DATA BELOW ::
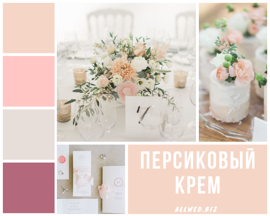 - Кремовый персиковый. Довольно нежный и теплый цвет, при этом вполне самобытный, освежающий, который так полюбили свадебные дизайнеры и декораторы. Персиковые платья подружек невесты будут замечательно смотреться на торжестве, особенно с учетом того, что оттенок помогает освежить тон кожи и подчеркнуть молодость. Хорошо сочетается с кремовым тонами, цветом брызг шампанского и нежным травяным.
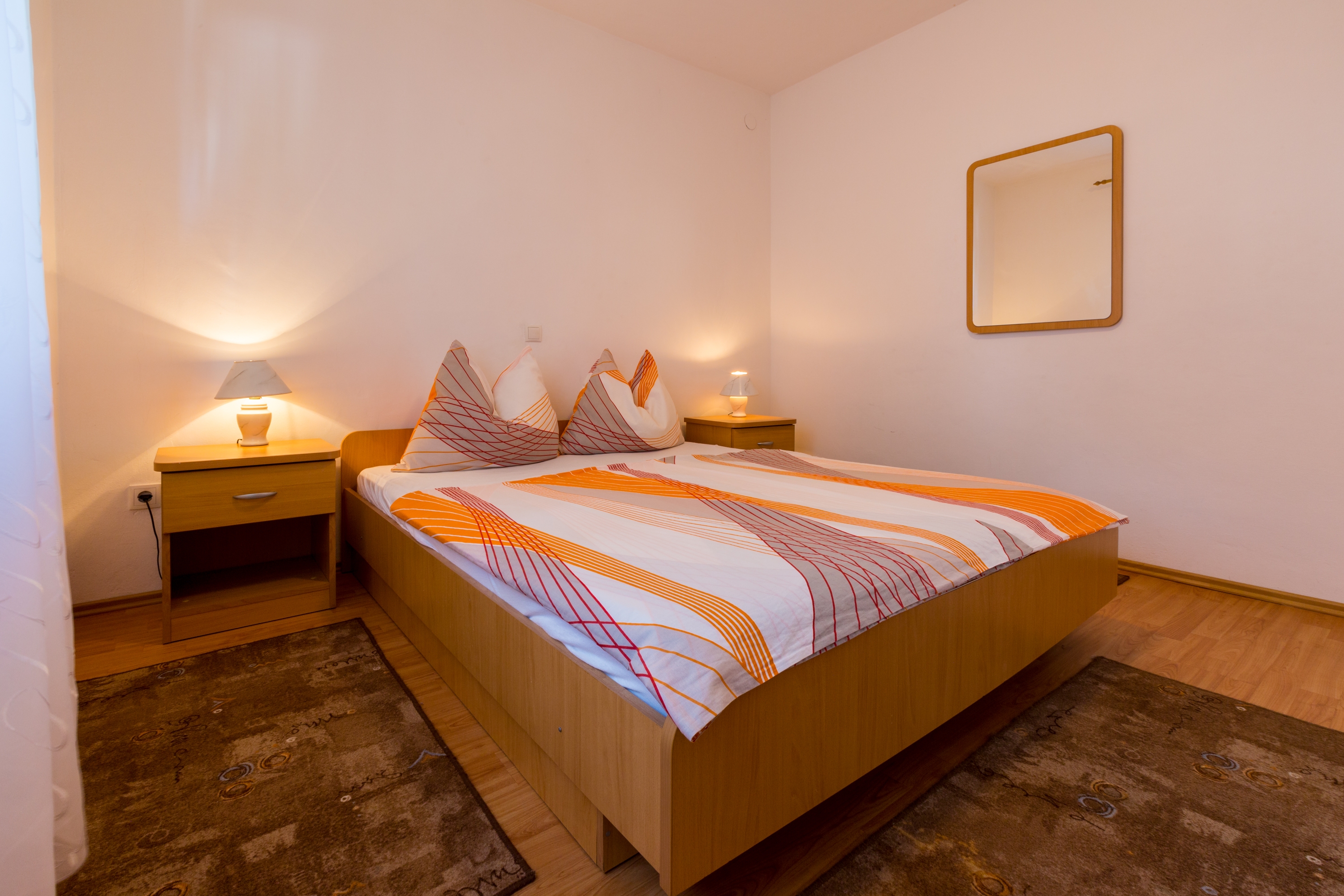 Apartament może przyjąć 2 gości. Łóżka znajdują się w sypialniach, których jest 1, na powierzchni 46m2. Goście mają dostęp do tarasu, by korzystać z ciepłych, letnich wieczorów. Z apartamentu roztacza się widok na morze. Możliwość przygotowywania posiłków poprzez korzystanie ze wspólnego grilla. W trakcie swojego pobytu goście mogą korzystać ze wspólnego basenu. WLICZONE W CENĘ: taksa pobytowa, sprzątanie końcowe, basen, parking, internet, łóżeczko dziecięce. OBOWIĄZKOWE KOSZTY DODATKOWE: dopłata za krótki termin (procent dopłaty w zalezności od liczby noclegów: 30% - 1, 20% - 2, 10% - 3). NIEOBOWIĄZKOWE KOSZTY DODATKOWE: klimatyzacja (7,00 € za nocleg). Dostępność dodatkowych usług w rezerwowanym terminie oraz ich cenę (jeśli nie jest podana) należy sprawdzić wcześniej. Za dodatowe usługi, które nie zostały uwzględnione w kalkulacji ceny, płaci się bezpośrednio właścicielowi obiektu, pod warunkiem śe gość korzysta z tych usług.
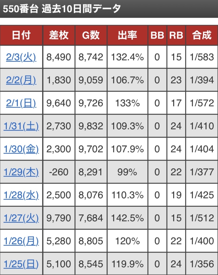 ベガスベガス大東店(大阪)にあるグランドオープンから毎日設定6濃厚の『LモンキーターンV』(禁煙台モンキー)のデータがこちらです。

WHAT YOU ARE ASKED TO DO ::
The reply should contain all of the data above, word for word, with no pictures.

SOLUTION TO THIS PROBLEM ::
 - Кремовый персиковый. Довольно нежный и теплый цвет, при этом вполне самобытный, освежающий, который так полюбили свадебные дизайнеры и декораторы. Персиковые платья подружек невесты будут замечательно смотреться на торжестве, особенно с учетом того, что оттенок помогает освежить тон кожи и подчеркнуть молодость. Хорошо сочетается с кремовым тонами, цветом брызг шампанского и нежным травяным.
 Apartament może przyjąć 2 gości. Łóżka znajdują się w sypialniach, których jest 1, na powierzchni 46m2. Goście mają dostęp do tarasu, by korzystać z ciepłych, letnich wieczorów. Z apartamentu roztacza się widok na morze. Możliwość przygotowywania posiłków poprzez korzystanie ze wspólnego grilla. W trakcie swojego pobytu goście mogą korzystać ze wspólnego basenu. WLICZONE W CENĘ: taksa pobytowa, sprzątanie końcowe, basen, parking, internet, łóżeczko dziecięce. OBOWIĄZKOWE KOSZTY DODATKOWE: dopłata za krótki termin (procent dopłaty w zalezności od liczby noclegów: 30% - 1, 20% - 2, 10% - 3). NIEOBOWIĄZKOWE KOSZTY DODATKOWE: klimatyzacja (7,00 € za nocleg). Dostępność dodatkowych usług w rezerwowanym terminie oraz ich cenę (jeśli nie jest podana) należy sprawdzić wcześniej. Za dodatowe usługi, które nie zostały uwzględnione w kalkulacji ceny, płaci się bezpośrednio właścicielowi obiektu, pod warunkiem śe gość korzysta z tych usług.
 ベガスベガス大東店(大阪)にあるグランドオープンから毎日設定6濃厚の『LモンキーターンV』(禁煙台モンキー)のデータがこちらです。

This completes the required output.